したがって、育ち盛りの子どもがいるのに、「最近、手作りの料理が食卓に並ばなくなったな」という家庭は要注意である。母親ができないなら、父親が台所に立って料理のイロハを実践してみせる必要があるだろう。

私自身、毎朝必ず家族のために朝食を作っている。もっとも、ごはんと味噌汁、プラス1品程度だが……。それでも、自宅で素材から料理を作るということは、大げさに言えば下流に転落することを防ぐ、あるいは下流から脱出するための「階級闘争」の手段なのである。

実際、冷蔵庫にある材料で手早くおいしいものを作ろうと思ったら、計画性や応用力が必要だ。これは仕事も同じだろう。限られた時間や予算のなかで、ある程度の結果を出さねばならないのだから。

しかし下流の人たちは、この種のちょっとした準備や段取りをするのが苦手だ。

以前、私のところに「下流3人組」のようなアルバイト学生が来ていた。

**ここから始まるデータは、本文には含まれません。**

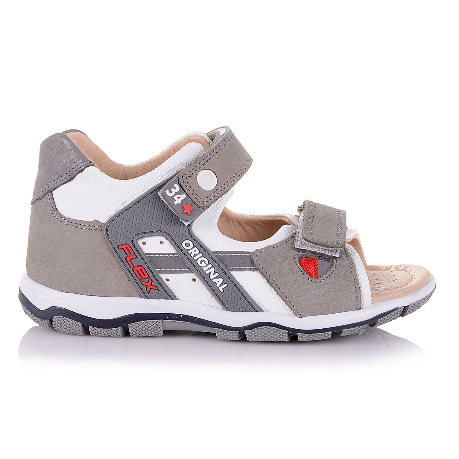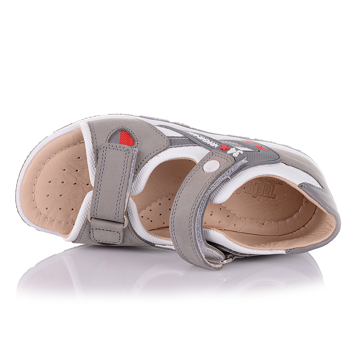 Супер-модные босоножки серого цвета- ультрамодная модель этого сезона. Внутренняя и внешняя часть изделия выполнена в натуральной коже в сочетании с нубуком. Удобная фиксация на две липучки позволяет подобрать обувь на ногу разной полноты и высоты свода. Стелька с супинатором и твердый задник обеспечивают физиологически правильное положение ножки. Легкая анатомическая износостойкая подошва из термокаучука с антишоковыми вставками, которые снимают ударную нагрузку на пяточную кость. Такая модель идеально подойдет для ежедневных прогулок.
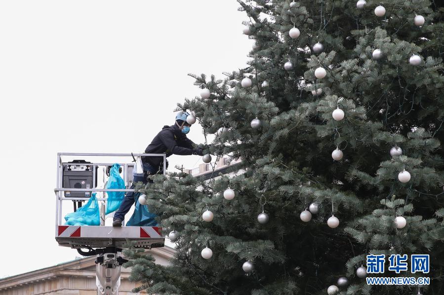 11月26日,在德国首都柏林,工作人员装饰勃兰登堡门前的圣诞树。
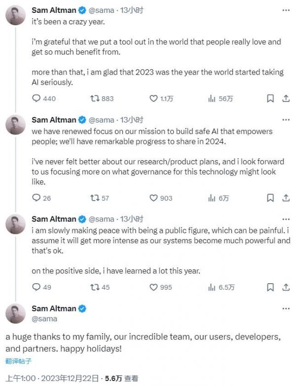 2023年12月,Open AI董事长萨姆·奥特曼在X(原推特)上发表了自己的“年终总结”。

彼らは美大生で、パソコンを使ってデザインをするからCD-ROMを大量に使う。 私なら残り2~3枚になったところで20枚パックを買い足すけれど、彼らは最後の1枚がなくなるまで、補充するという発想がない。結局、夜中にドン・キホーテまでタクシーを飛ばすようなことをしているのだ。つまり、目的合理的に「こうなったら、ああなる」と予測して行動することができないのである。

下流が太る原因のもうひとつは、知識の欠如だ。

たとえば食品パッケージの裏に印刷してある成分表やカロリー表示を読んだことのある人は少ないのではないか。たとえ下流といえども、「こういうものは体に悪い」という認識があれば、食べるのを控えるかもしれない。しかしそれを阻むのがテレビだ。彼らは民放テレビをよく見ているが、テレビ局にとって食品会社は大事なスポンサーのひとつだから、あまり都合の悪い情報は流さない。その代わり、食欲を刺激するようなコマーシャルを四六時ちゅう流している。